Input for this task:
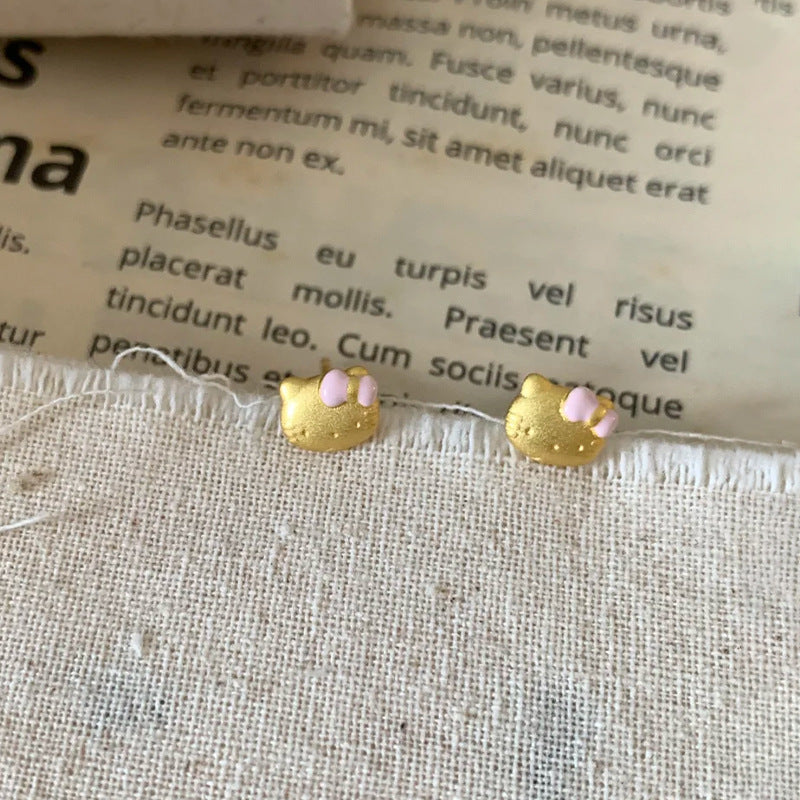 S925 Sterling Silver Bow Cat Stud Earrings
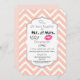 Une invitation mariage à l'anniversaire avec un design tendance - des lèvres de baiser rose glamour et une illustration masculine de moustache d'aspect rétro. Avec les mots M. et Mme L'arrière - plan est un motif de chevrons de pêche. Un cadre décoratif superposé avec les informations de votre fête à l'intérieur. Personnalisez avec les détails de votre fête d'anniversaire.
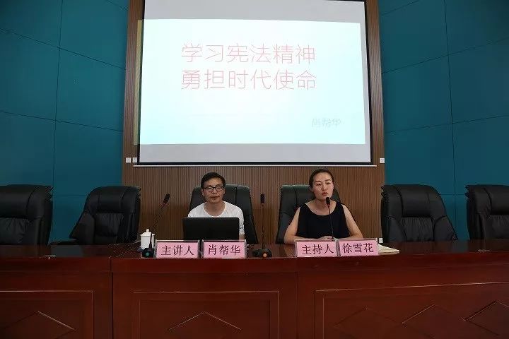 为了进一步增强广大师生学法、懂法、守法、护法意识,引导学生牢固树立“四个意识”,增强“四个自信”,坚定理想信念,树立以宪法为核心的法治观念,7月5日下午,我院在道德讲堂举行“学习宪法精神,勇担时代使命”讲座,各系(部)师生代表参加,团委书记徐雪花主持活动。
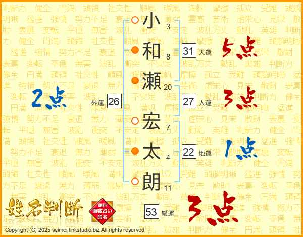 小(3画)和(8画)瀬(20画) 宏(7画)太(4画)朗(11画)
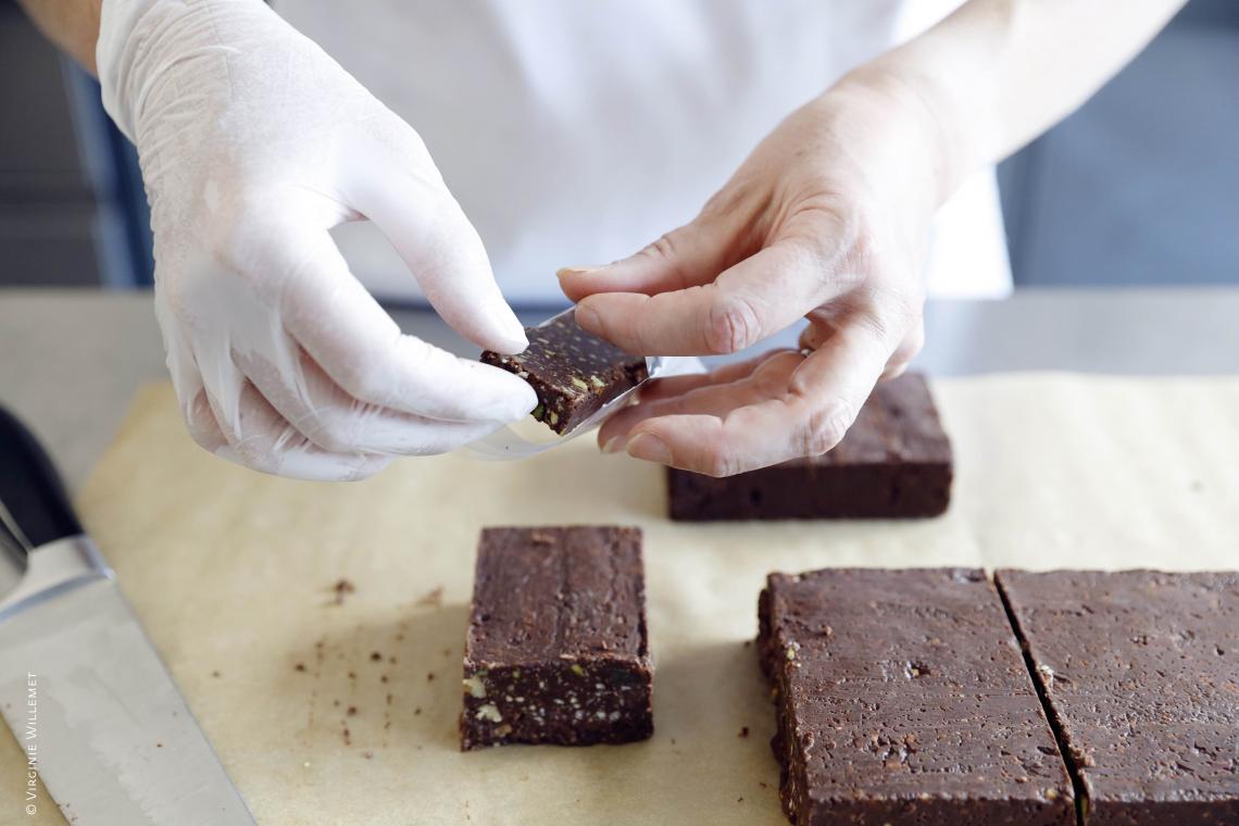 We stellen verschillende smaken voor: geconfijte sinaasappel of roze peper van Madagaskar gemengd met chocolade (min. 70 % cacao), een mengsel hennep-cacao of een subtiele combinatie van karwijzaden met zout. We maken deze rauwe delicatessen met dadelpasta, noten, hazelnoten, pistaches, kokosnoot en rozijnen, die we op het laatste moment vermalen.
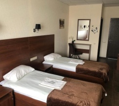 Двухместный номер. Две односпальные кровати c тумбами, стул или кресло. Телевизор со спутниковыми каналами. Cанузел с душем,банные принадлежности, Wi-Fi в холле.
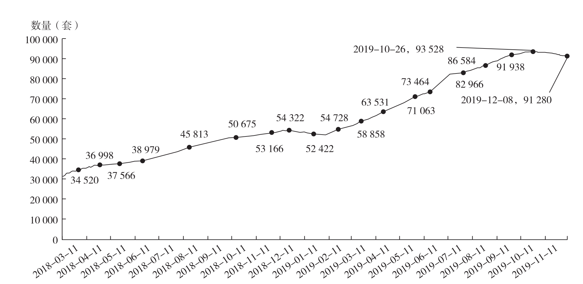 图3-10 2018年3月至2019年11月北京二手房源数量变化
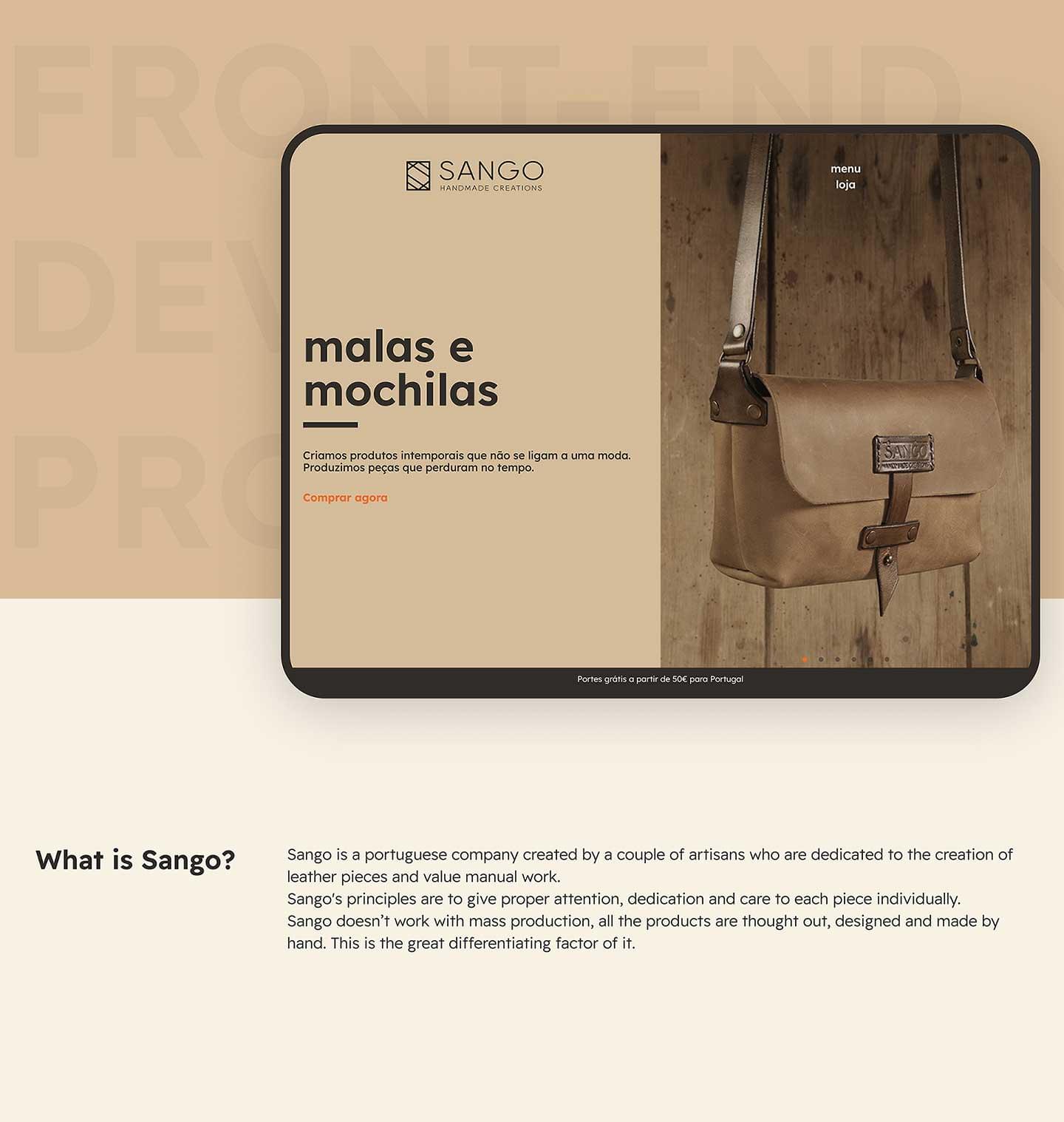 This project was a total rebranding, from the logo to the website and online shop. The main aim was to develop the front-end of the whole Sango's website.

Task brief:
Across all the lines above, repeat the wording exactly and omit the pictures.

Solution for this task:
 S925 Sterling Silver Bow Cat Stud Earrings
 Une invitation mariage à l'anniversaire avec un design tendance - des lèvres de baiser rose glamour et une illustration masculine de moustache d'aspect rétro. Avec les mots M. et Mme L'arrière - plan est un motif de chevrons de pêche. Un cadre décoratif superposé avec les informations de votre fête à l'intérieur. Personnalisez avec les détails de votre fête d'anniversaire.
 为了进一步增强广大师生学法、懂法、守法、护法意识,引导学生牢固树立“四个意识”,增强“四个自信”,坚定理想信念,树立以宪法为核心的法治观念,7月5日下午,我院在道德讲堂举行“学习宪法精神,勇担时代使命”讲座,各系(部)师生代表参加,团委书记徐雪花主持活动。
 小(3画)和(8画)瀬(20画) 宏(7画)太(4画)朗(11画)
 We stellen verschillende smaken voor: geconfijte sinaasappel of roze peper van Madagaskar gemengd met chocolade (min. 70 % cacao), een mengsel hennep-cacao of een subtiele combinatie van karwijzaden met zout. We maken deze rauwe delicatessen met dadelpasta, noten, hazelnoten, pistaches, kokosnoot en rozijnen, die we op het laatste moment vermalen.
 Двухместный номер. Две односпальные кровати c тумбами, стул или кресло. Телевизор со спутниковыми каналами. Cанузел с душем,банные принадлежности, Wi-Fi в холле.
 图3-10 2018年3月至2019年11月北京二手房源数量变化
 This project was a total rebranding, from the logo to the website and online shop. The main aim was to develop the front-end of the whole Sango's website.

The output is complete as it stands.